§ What you need to do
Would you output the lines from the one with "Această masă de" through the last line of the material below, exactly, but without pictures?

■ ■ ■ ■ ■

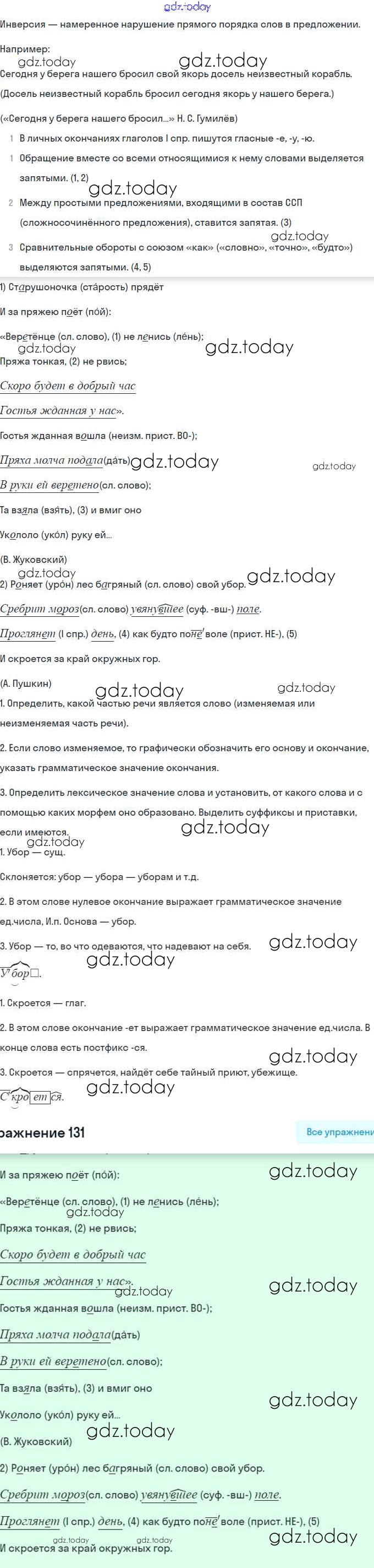 На страницах сайта gdz.today вы найдете учебный и вспомогательный материал, направленный на улучшения знаний школьной программы. ГДЗ - онлайн мир знаний Решение. Часть 1 Упражнения 131 Рабочей тетради по Русскому языку для 5 класса Янченко, Латфуллина Просвещение 2019
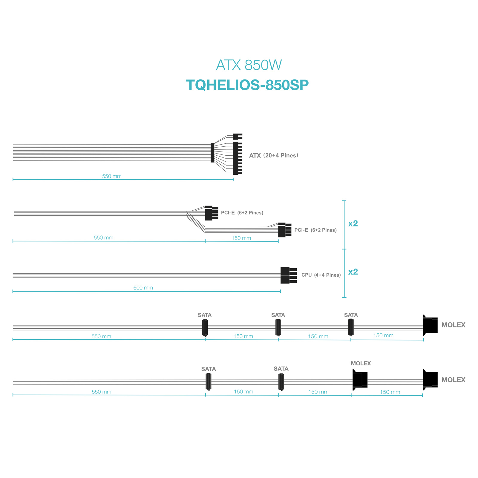 • Longitud del cable de alimentación SATA: 550,700,850,1000
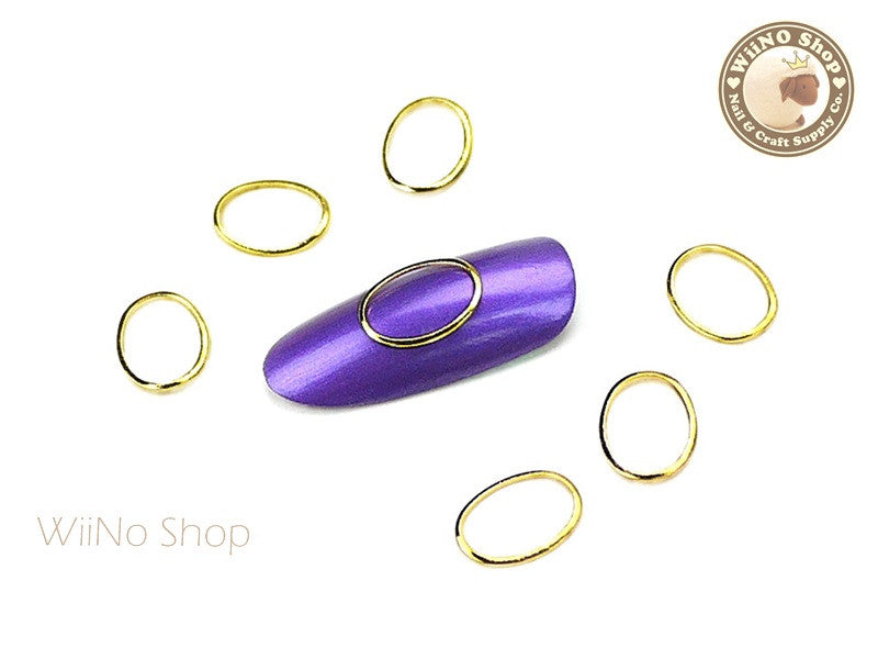 6 x 8mm Gold Oval Frame Nail Art Decoration - 5 pcs
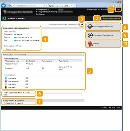 Visualizza il collegamento di supporto specificato in [Informazioni periferica] in [Gestione sistema].
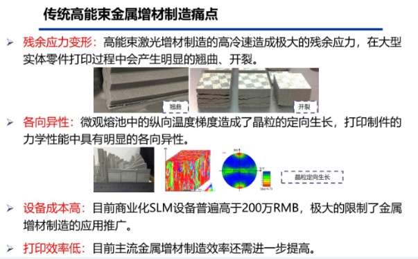 由于中国市场对金属材料 3D 打印的接受度仍处于初期阶段,3D 打印技术在中国生产制造行业的渗透率的确还远不如美国、德国等国家。传统高能束金属增材制造痛点如下图:
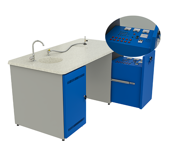 Această masă de laborator este proiectată special pentru realizarea experimentelor de fizică, având un blat de lucru din material rezistent și ușor de curățat. Echipată cu un panou de control intuitiv, aceasta permite utilizatorilor să gestioneze diferite experimente cu ușurință. Include un chiuvetă integrată pentru spălarea echipamentului și conectivitate pentru aparate electrice. Designul robust și funcționalitatea avansată o fac ideală pentru mediile academice și de cercetare, asigurând un mediu de lucru eficient și organizat.
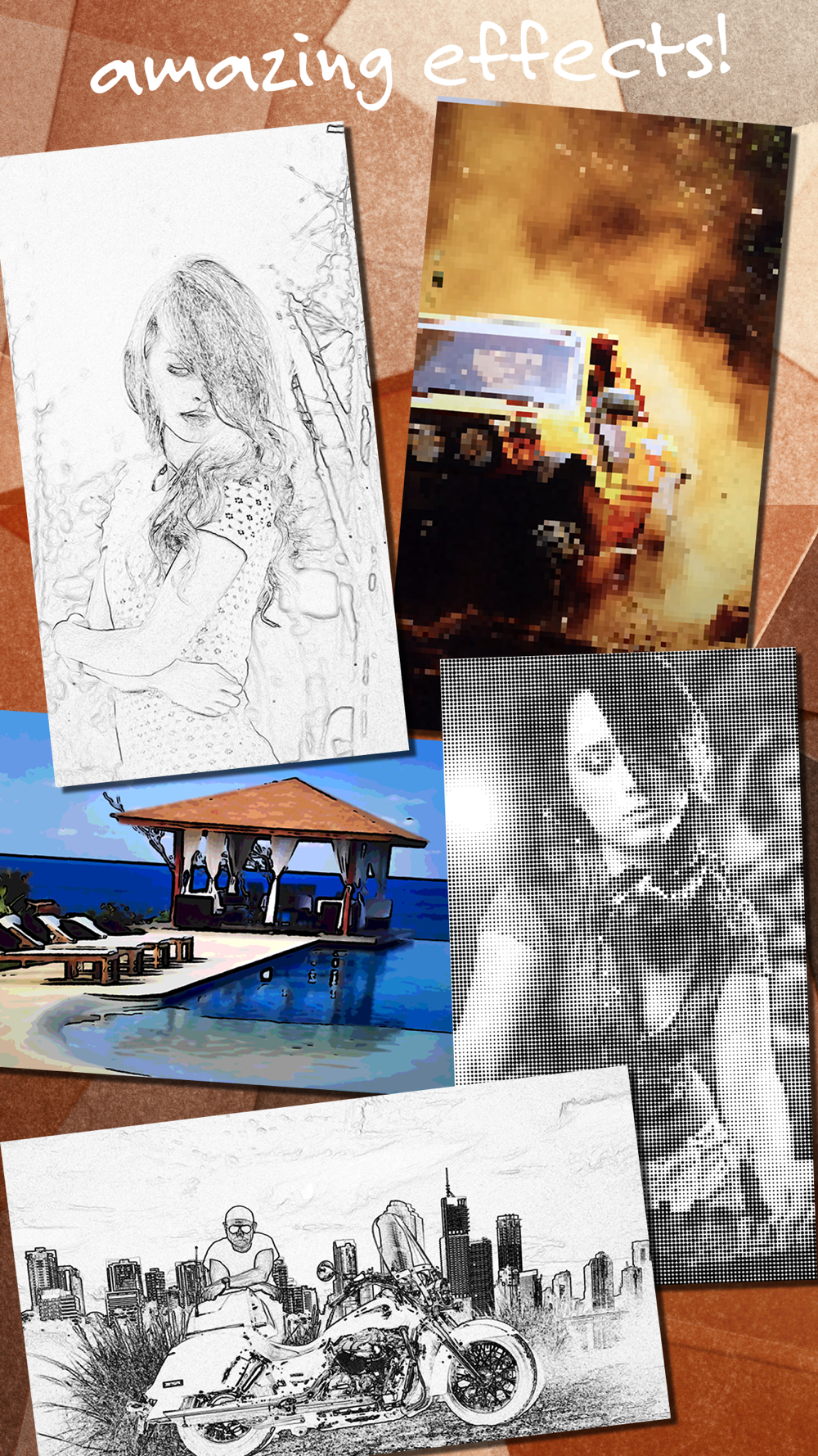 -> 8 amazing effects/filters: Sketch, Cartoon, Dots, Halftone, Crosshatch, Swirl, Pixellate and Emboss
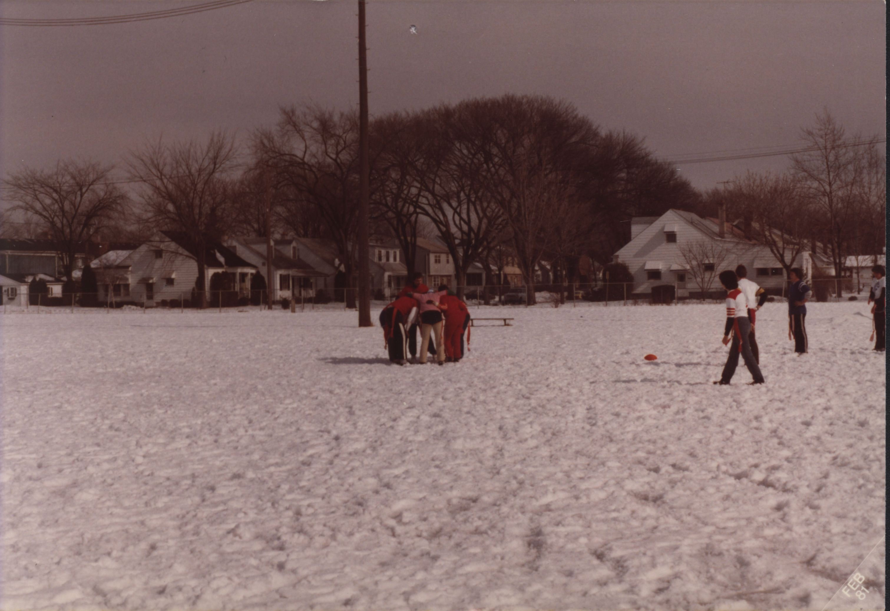 Two groups of people outside in the snow: one group is in a huddle and the other group is standing waiting for them to finish. Date unknown.

■ ■ ■ ■ ■

§ Output
 Această masă de laborator este proiectată special pentru realizarea experimentelor de fizică, având un blat de lucru din material rezistent și ușor de curățat. Echipată cu un panou de control intuitiv, aceasta permite utilizatorilor să gestioneze diferite experimente cu ușurință. Include un chiuvetă integrată pentru spălarea echipamentului și conectivitate pentru aparate electrice. Designul robust și funcționalitatea avansată o fac ideală pentru mediile academice și de cercetare, asigurând un mediu de lucru eficient și organizat.
 -> 8 amazing effects/filters: Sketch, Cartoon, Dots, Halftone, Crosshatch, Swirl, Pixellate and Emboss
 Two groups of people outside in the snow: one group is in a huddle and the other group is standing waiting for them to finish. Date unknown.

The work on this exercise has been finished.